Starting at the line that contains "ローラーブレード製のプロテク", quote every line through the end of the entries, word for word, skipping the pictures.

─── GIVEN RECORDS

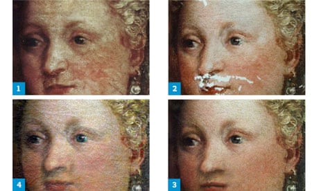 | 1) The original painting with the nose turning down. 2) Previous "repaints" are removed. 3) After the first restoration the nose and mouth have changed shape. 4) The second attempt tries to repair previous errors. Source. |
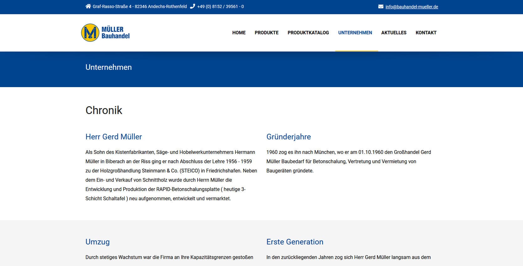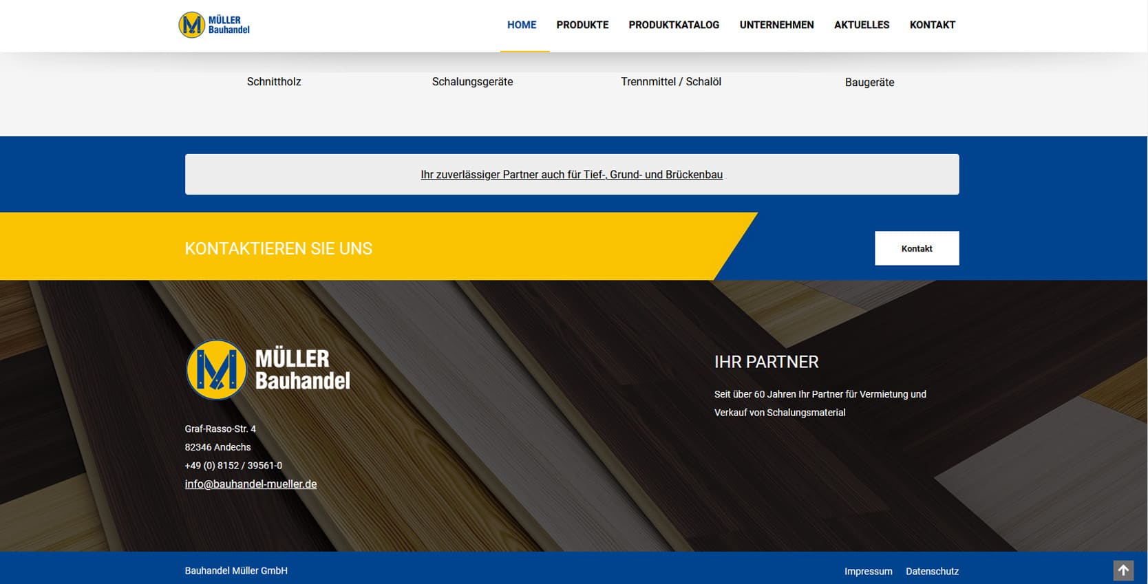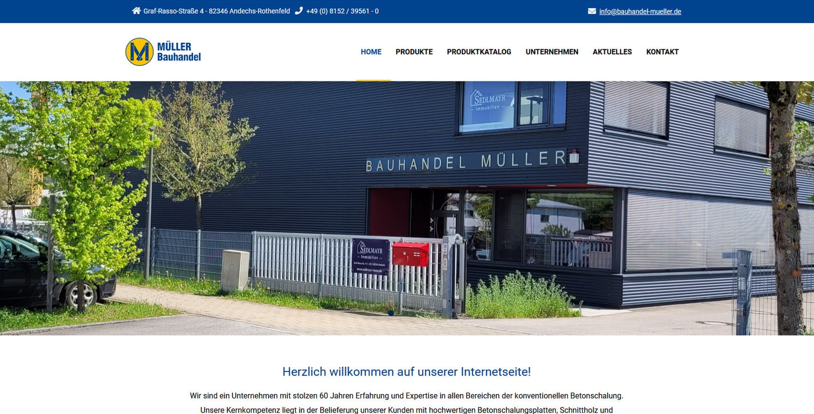 Müller Bauhandel ist seit über 60 Jahren ein kompetenter Partner für Vermietung und Verkauf von Schalungsmaterial. Das Unternehmen in Andechs beliefert Bauunternehmen, Tief- und Brückenbau sowie Handwerksbetriebe mit Betonschalungsplatten, Großflächenschalungen, Spezialschalungen, Schnittholz, Stützen und Baugeräten. Ziel der Website war es, das komplette Sortiment klar zu strukturieren und die Anfragewege zu vereinfachen.Die neue Website stellt Produktkategorien, Einsatzbereiche und Unternehmensprofil übersichtlich dar. Besucher finden schnell die passenden Materialien, technische Hinweise und Kontaktmöglichkeiten. Das Ergebnis ist ein moderner Auftritt, der Verfügbarkeit, Beratung und Zuverlässigkeit sichtbar macht und den Vertrieb unterstützt.
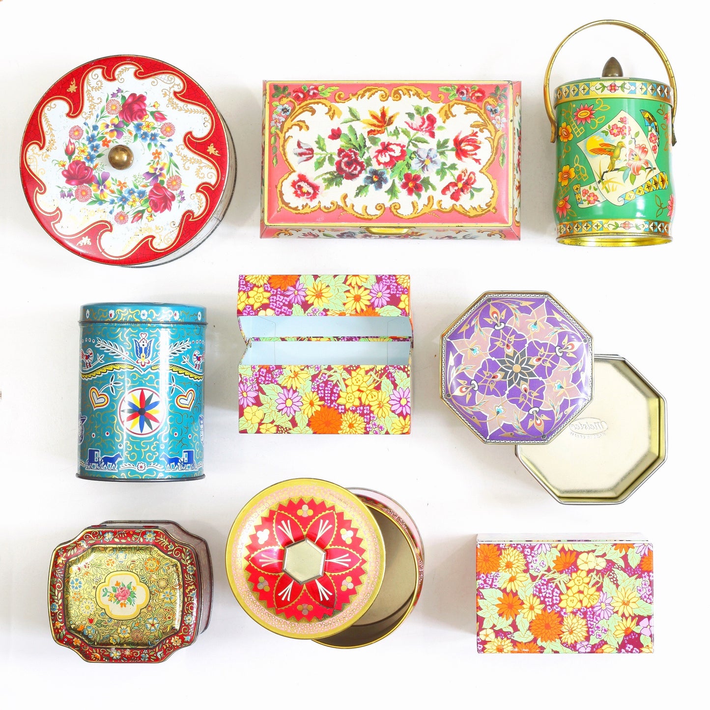 This bright and oh-so beautiful vintage tin is just so sweet! Made in Holland, this tin features colorful floral designs, a shiny golden interior, and closes with a hinged lid. Perfect for stashing craft supplies, storing cookies and snacks - or whatever you can dream up! This tin is so cheerful and pretty, you'll be looking for reasons to use it all over your house!
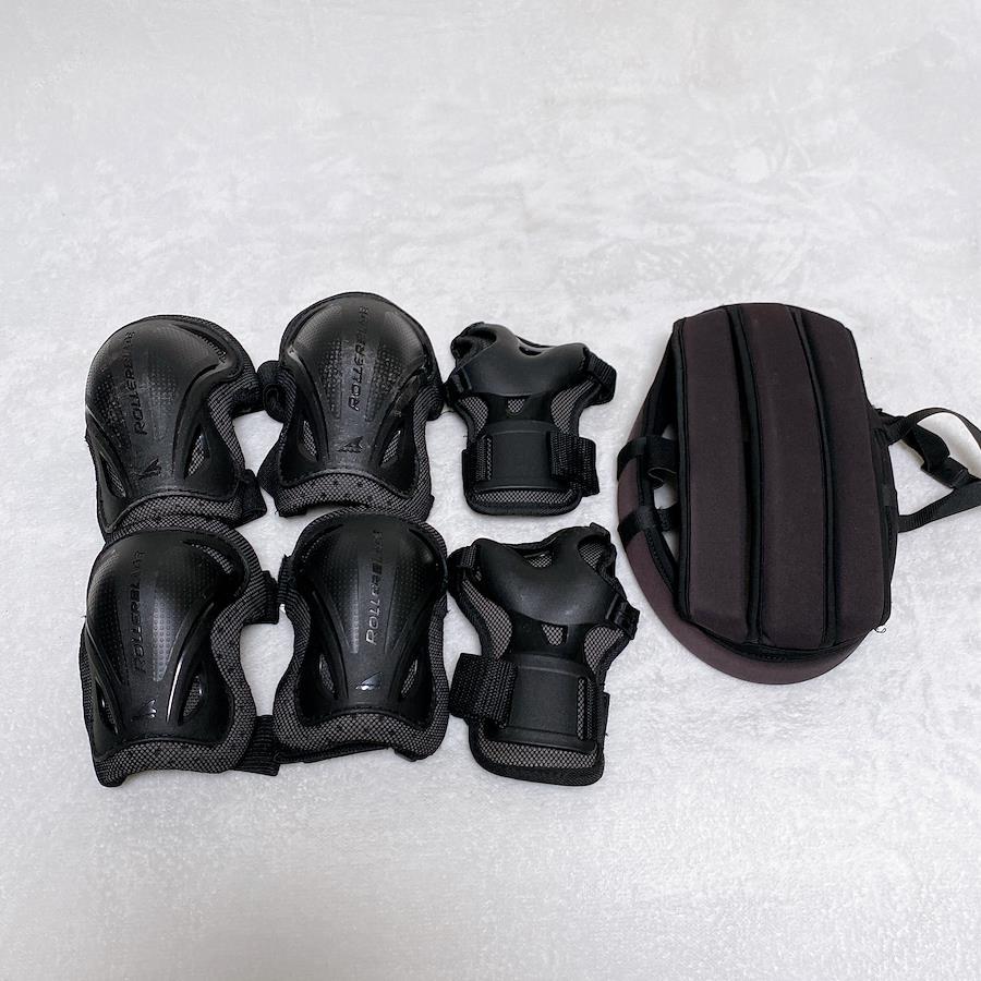 ローラーブレード製のプロテクターと、ヘッドギアと、収納用のトートバッグをお付け致します。
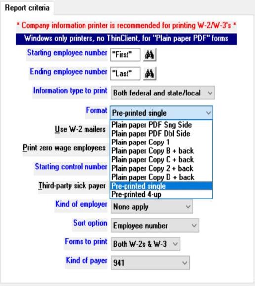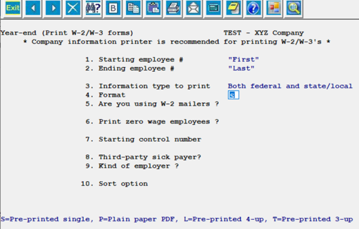 Print W-2 forms on preprinted, continuous or laser forms, or output them to a file for submission as a formatted wage file.

──────

**YOUR SOLUTION**
 ローラーブレード製のプロテクターと、ヘッドギアと、収納用のトートバッグをお付け致します。
 Print W-2 forms on preprinted, continuous or laser forms, or output them to a file for submission as a formatted wage file.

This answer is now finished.